Benjamin Kibies, analyst at Dataforce, described Tesla’s situation as “the perfect storm,” citing multiple factors including model changeovers, declining fleet sales, and growing consumer resistance to the brand.

Evidence suggests that Tesla is facing significant backlash against Musk, who has taken controversial political positions globally while serving as a key adviser to President Trump on cutting government spending. Protests have targeted Tesla facilities across Europe and North America, with some escalating to arson attacks on dealerships and charging stations.

In Vancouver, organizers removed Tesla from the city’s auto show, citing safety concerns. Meanwhile, eight Teslas were burned in an arson attack on a dealership in southern France, and similar incidents have occurred in the U.S., with fires set at Superchargers in Boston and shots fired at an Oregon showroom.

The reasons for Tesla’s decline extend beyond political controversies. The company faces increasingly stiff competition from established automakers and new EV entrants, many offering competitive pricing and newer technology. Tesla hasn’t launched a new volume model since late 2019, and its much-hyped Cybertruck launch has been a flop.

“Competitors have not only caught up in terms of model range and technology, but they have also slashed their prices, as they must bring down their CO2 emissions to avoid fines,” Kibies noted.

Tesla owners themselves are voting with their keys. According to data published Thursday by car shopping site Edmunds, March represented “the highest ever share” of Tesla trade-ins toward new or used vehicles from other brands.

Jessica Caldwell, head of insights at Edmunds, observed: “As Tesla brand loyalty and interest wavers, those offering competitive pricing, new technology, or simply less controversy could capture defecting Tesla owners and first-time EV buyers.”

Despite these alarming fundamentals, retail investors have been aggressively buying Tesla stock during its decline.
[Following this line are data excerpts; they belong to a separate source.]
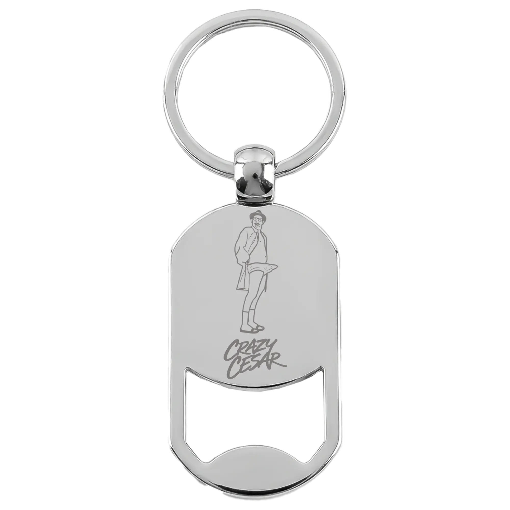 🔑🍺 Compact bottle opener keychain with Crazy Cesar engraving. Stainless steel, durable, and perfect for everyday carry.
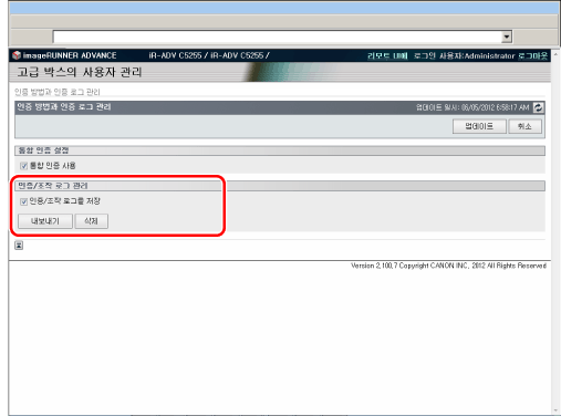 Canon에서는 인증 로그 관리 사용 또는 사용 불가능으로 인해 발생하는 어떠한 손해에 대해서도 책임을 지지 않습니다.
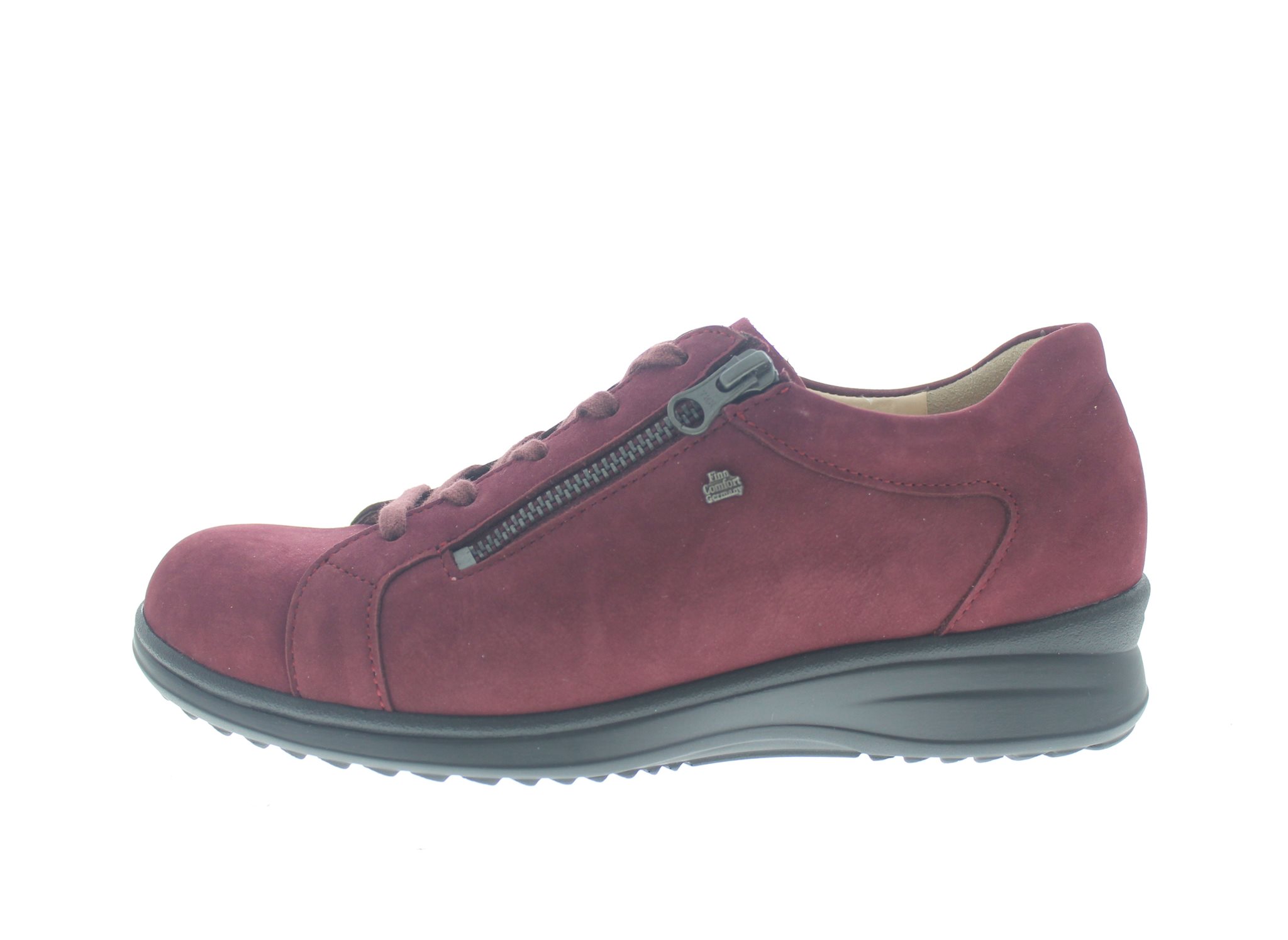 Finn Comfort dames casual veterschoen, model Bexley uit de LadyLine series. Bordo nubuck. Valt als een wijdte H, geschikt voor de normale tot iets bredere voet. Uitneembaar voetbed, ruime ronde neus met een hoge teenbox om alle gevoelige tenen vrij te houden van druk.
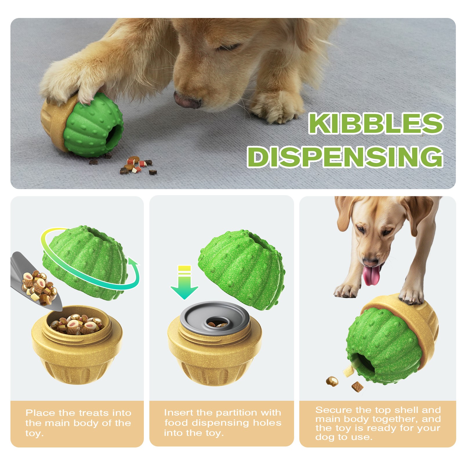 4[Food Dispensing Toy] Twist and open the toy’s top to insert pet kibble or jerky. You can add the included divider inside the toy to slow down the food dispensing rate. Your dog will roll the toy to release the treats. The toy supports pet snacks with a maximum size of 0.79 inches;
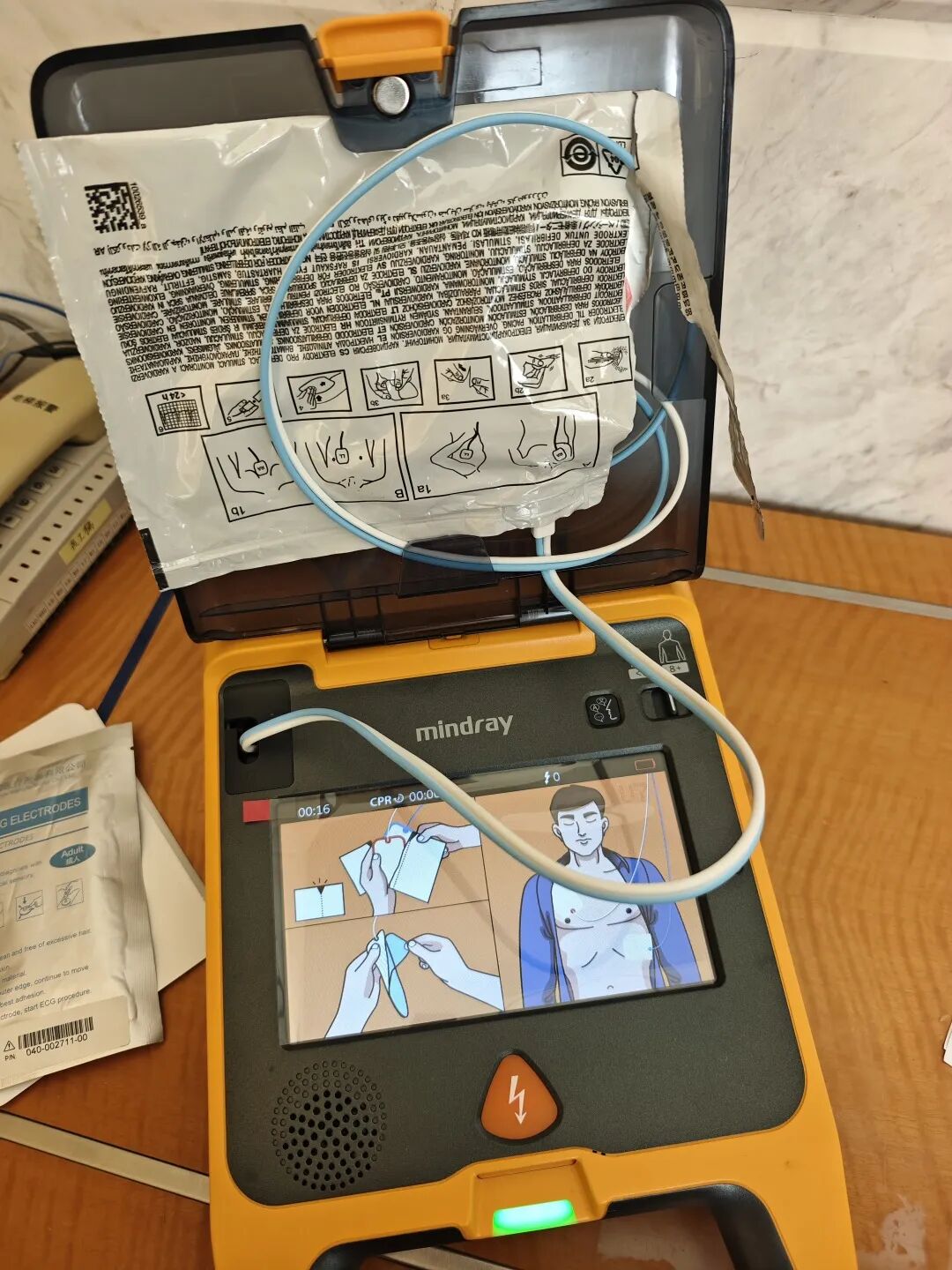 邬杰立即指挥现场人员继续拨打120急救电话,同时迅速取来安装在酒店大堂的AED设备,按照平时培训的流程,为患者进行心肺复苏并使用AED进行除颤。经过多轮CPR和AED除颤后,患者在现场恢复了自主心跳和呼吸。经过心脏支架手术治疗后,患者已经出院回到家中休养。

Data from JPMorgan shows positive net retail buying for 12 consecutive days, totaling $7.3 billion—the highest magnitude among all past “buying streaks” in over a decade.

Meanwhile, Tesla insiders have been heading for the exits. Since November, company insiders including board directors, the CFO, and Musk’s brother Kimbal have sold a combined $335.2 million of Tesla stock, mostly at prices between $300 and $400 per share. The stock traded at about $246 when this article was published.

The pattern raises questions about whether administration officials are helping Musk and other insiders offload shares to unsuspecting retail investors before the company’s expected poor first-quarter earnings.

Market analysts have noted a repeated pattern over the past two weeks: retail investors bid up Tesla’s price, followed by large institutional funds selling massive amounts of shares, dropping the price back down.

The situation highlights the unprecedented conflicts of interest created by Musk’s dual role as both a government official and CEO of multiple public companies. Before assuming leadership of DOGE, Musk spent approximately $290 million last year to help propel Trump back to the White House.

The Tesla brand has suffered accordingly. Its brand value fell by 26%, or about $15 billion, in 2024—a second straight annual decline, according to research and consulting firm Brand Finance.

As the company prepares to release its first-quarter earnings, market experts warn that the results could further devastate Tesla’s stock price, leaving retail investors with heavy losses while insiders who sold at higher prices escape the worst of the damage.